Hay en esta magnífica película de Jaco Van Dormael (otro director -también de Las Vidas posibles de Mr. Nobody– de los que convierte en oro lo que toca) un punto de encuentro y conflicto entre dos mundos, el que es aparentemente normal de Harry (Daniel Auteuil), exitoso ejecutivo de banca, y de Georges (Pascal Duquenne), aquejado de síndrome de Down.
Harry vive en un mundo ideal, pero ficticio. Da clases de positivismo, de energía orientada hacia el triunfo cuando en su interior esconde fracasos emocionales que lo obsesionan.

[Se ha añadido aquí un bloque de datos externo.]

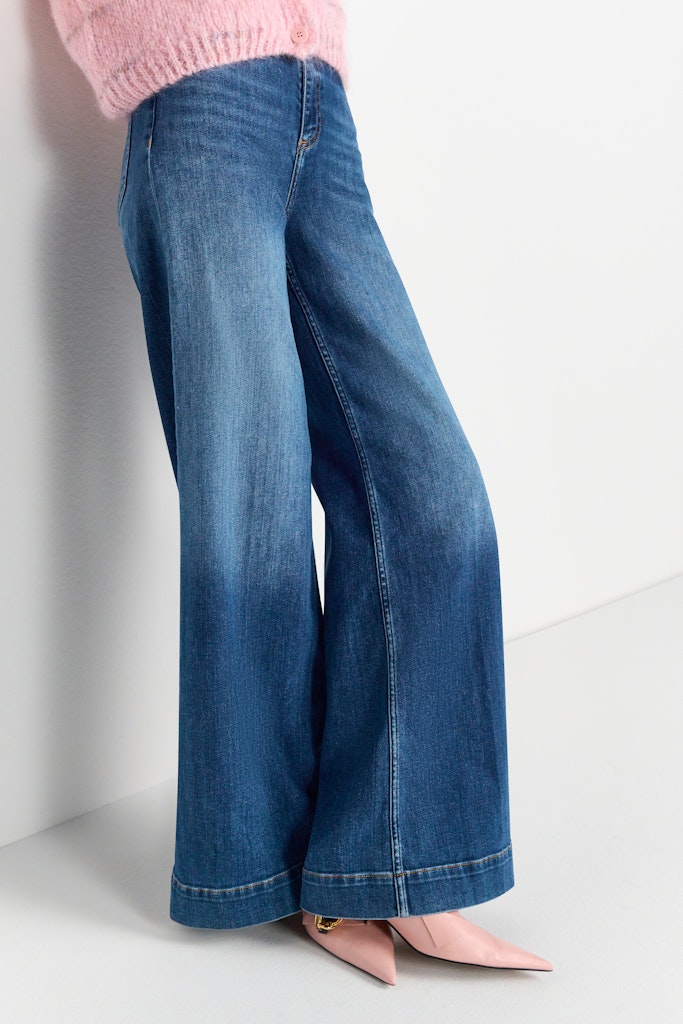 Regular price £149.95These elegant wide-leg jeans with a subtle wash and high waist create endlessly long legs! The flared cut and classic 5-pocket design give your look a modern retro touch! These jeans feature a wide leg shape, figure hugging fit, soft to the touch and zipper and button to fasten.

El encuentro con Georges lo cambiará, no desvelo nada, es incluso previsible, está esbozado casi desde que empieza el filme; lo importante es hasta qué punto ese cambio será efectivo, real y profundo.
No soy un renegado del pensamiento positivo, más bien creo que es importante para encarar los obstáculos e injusticias reales y normales de la vida, pero cuando se convierte en una droga que sustituye los afectos o enmascara las dificultades, debemos hacer lo imposible por cambiar nuestras prioridades.

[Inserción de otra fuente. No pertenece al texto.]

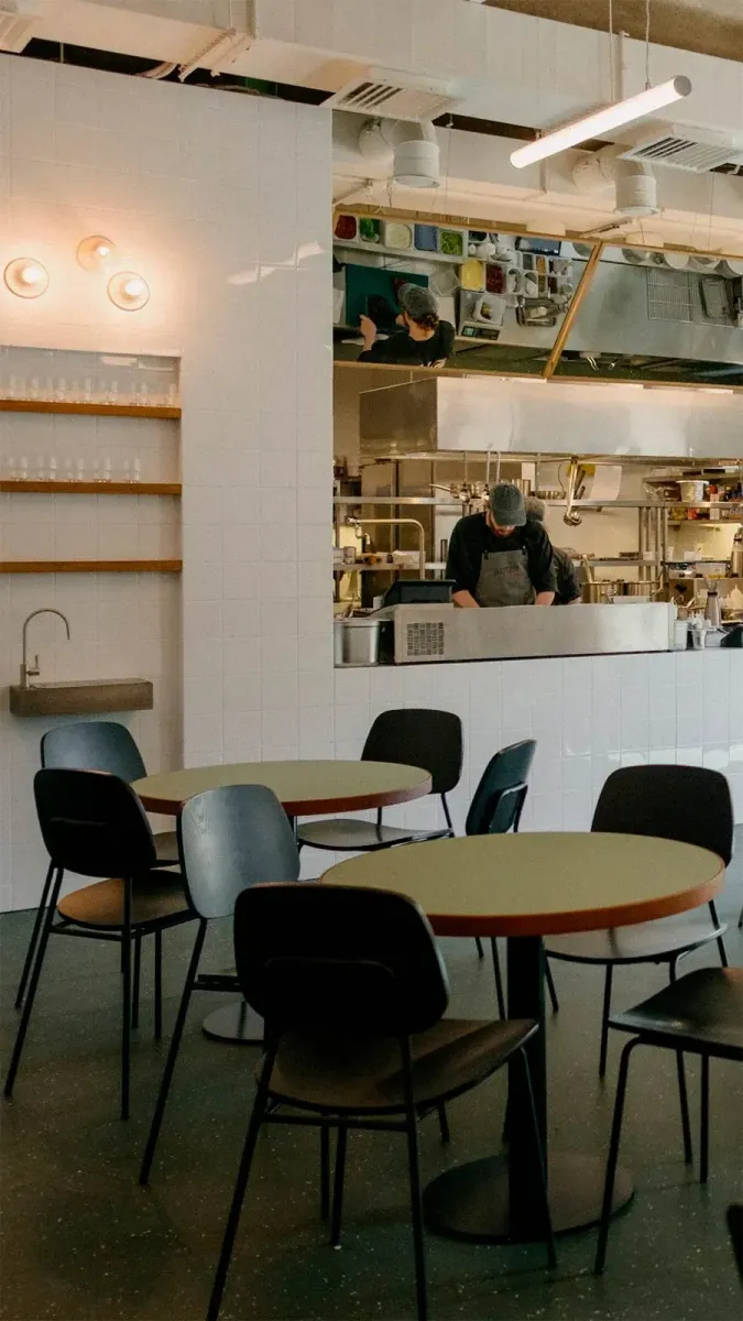 В меню — понятная еда на каждый день, большой выбор завтраков и, конечно, выпечка, за которой выстраивается очередь. В утреннем меню — три раздела: классические завтраки вроде скрэмбла с трюфелем и копченым сулугуни, английского завтрака и яичницы менемен с датской булочкой; раздел «на хлебе» с бутербродами и тостами; сладкие завтраки. В основном меню найдутся закуски и салаты, а также горячие блюда: ризотто с шафраном и креветками, цыпленок с нутом, стейк из говядины с брокколи. В разделе напитков — кофе: классика и альтернативные варианты, чай, сезонные напитки, соки и лимонады.

Georges es el disparador de las intenciones de Harry, es quien saca fuera los afectos reprimidos del triunfador ejecutivo hasta hacerlo reconocer las cosas importantes de la vida, aquellos detalles que dejamos escapar a diario que nos pueden hacer más felices.
El Octavo día es más que una Road Movie. Es un elogio inteligente de los afectos, una invitación a fijarnos en las relaciones humanas, en el vuelo de una mariposa, en el tacto de la hierba, el color del cielo, las formas de las nubes.
No es el elogio de la tontería anticonsumista y la vuelta a un naturalismo imposible, sino una exhortación a quitarnos las riendas, a presentarnos cual somos sin temor a mostrar nuestros afectos.
¿Tengo críticas? Sí.
La relación entre Harry y George se afianza demasiado pronto. Quizás se justifica por la incontrolable necesidad de afecto del ejecutivo, pero hubiera quedado más redonda la película si hubieran prestado más cuidado a este elemento tan importante del argumento.
Tampoco me gusta la presentación tan edulcorada del suicidio (si bien es genial desde el punto de vista estético-artístico), hasta el punto de que se puede llegar a pensar que los cariños que Georges transmite inocentemente no puede aplicarlos a sí mismo. Aunque probablemente sea esa la intención.
Y sobre todas las cosas, creo que el mundo del triunfo, el cosmos del positivismo frente a las adversidades, de enfrentar con energía empírica la vida no es incompatible con el mundo de los afectos y las emociones elementales. Sí, ambos mundos pueden coexistir, pero esto quizás tiene que ver con mis ideas, no con la película.